Time ripe for an English accounting

PUBLISHED : Friday, 27 April, 2007, 12:00am
UPDATED : Friday, 27 April, 2007, 12:00am

With reference to 'If the NET scheme is going to survive, it needs a total overhaul', I have been a school English teacher (SET - acting as bridge between NETs and school management) for five years and served in one secondary school, two primary schools and worked with four NETs.

As a teacher of English, I think the NET scheme is very useful, opening opportunities for communication and exchange in English in the school. In my experience, both the local English teachers (LET) and NETs have found the experience of working together both beneficial for our teaching and professional development.

I agree with Craig Boswell and Lee Weston that the government must take a serious look at what is causing this exodus of our NETs because the NET is certainly one of the invaluable assets of English language teaching in Hong Kong. A regular review of the remuneration package against the current cost of living is certainly necessary, yet I would suggest that the difference in pay between the NETs and LETs can be quite sensitive as both do about the same job.

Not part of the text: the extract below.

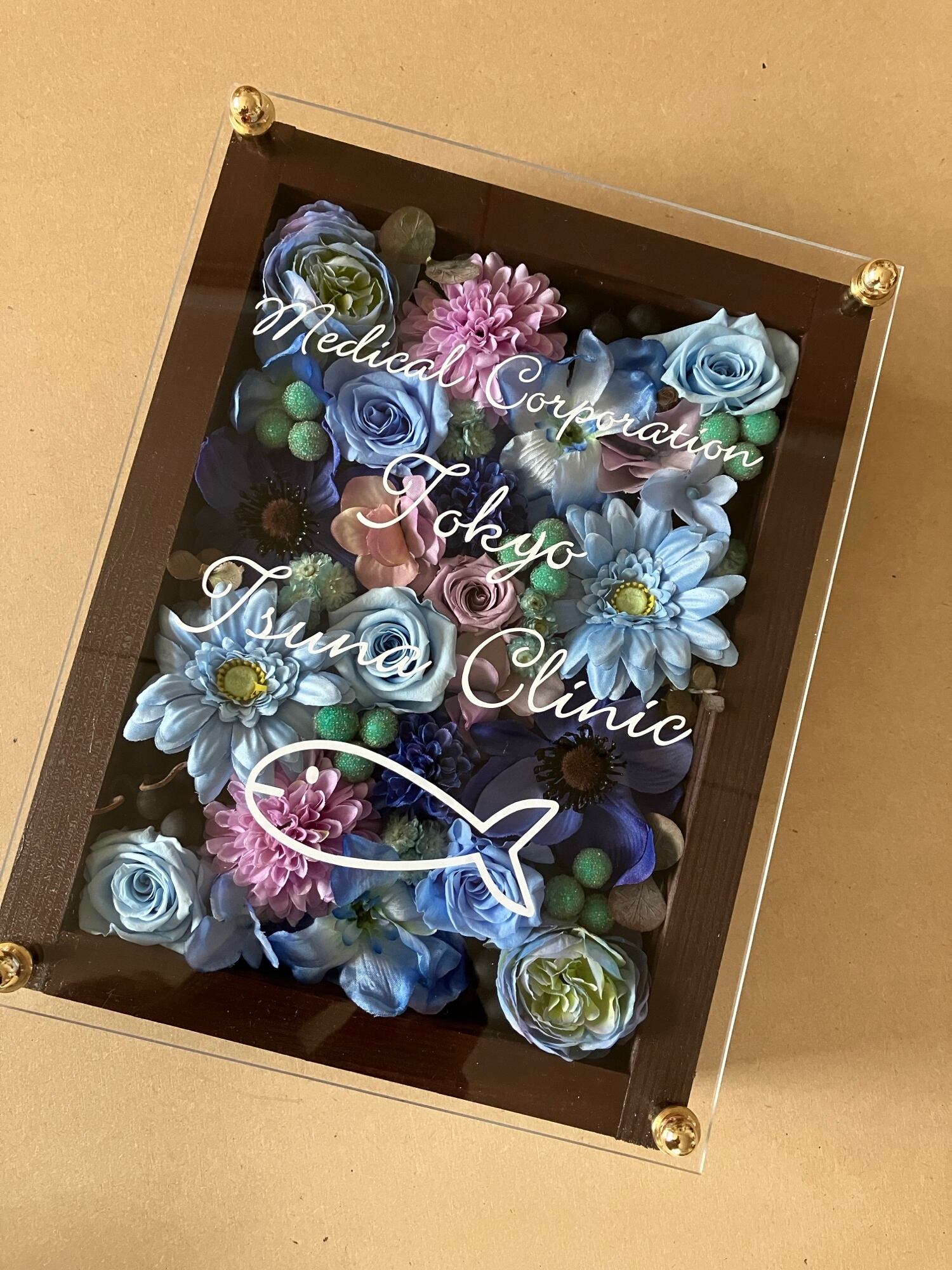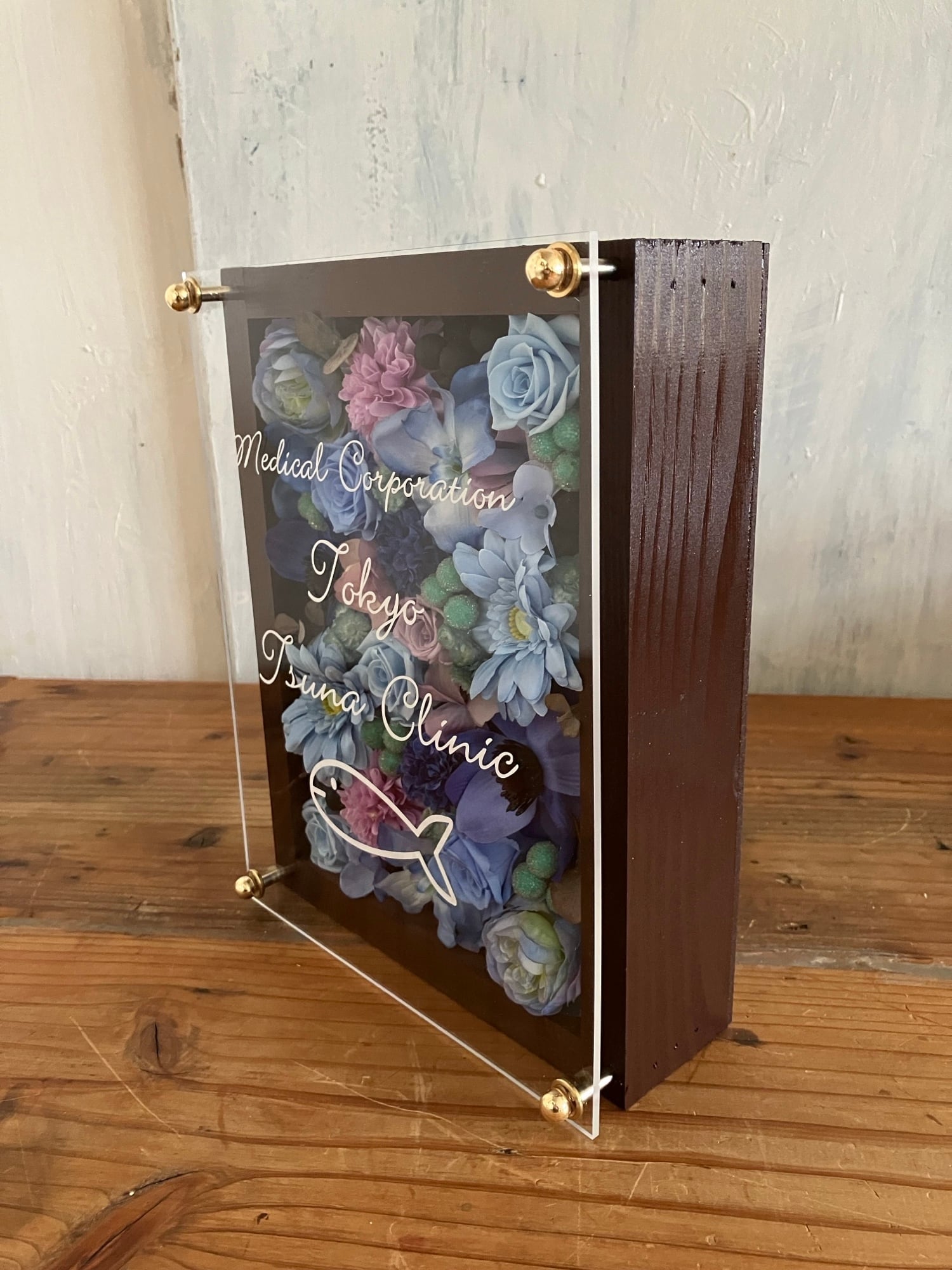 黒色のウッドフレームにプリザーブドフラワーと造花をぎっしり詰め込みアクリル板にはカッティングシートでメッセージをお入れします。

Apart from financial problems, we must also mention the working conditions of individual NETs within schools. Due to the tide of education reforms and the downsizing pressure on schools due to the continuous drop in the birthrate, the workload on teachers in Hong Kong is constantly increasing. A NET has certainly experienced the same work pressure as all the other local teachers do. English language is a curriculum core in Hong Kong education.

After devoting so much time and human resources, we are asking for results. It is widely accepted that the NET scheme was a good thing for our students. Yet, how can it work to its best?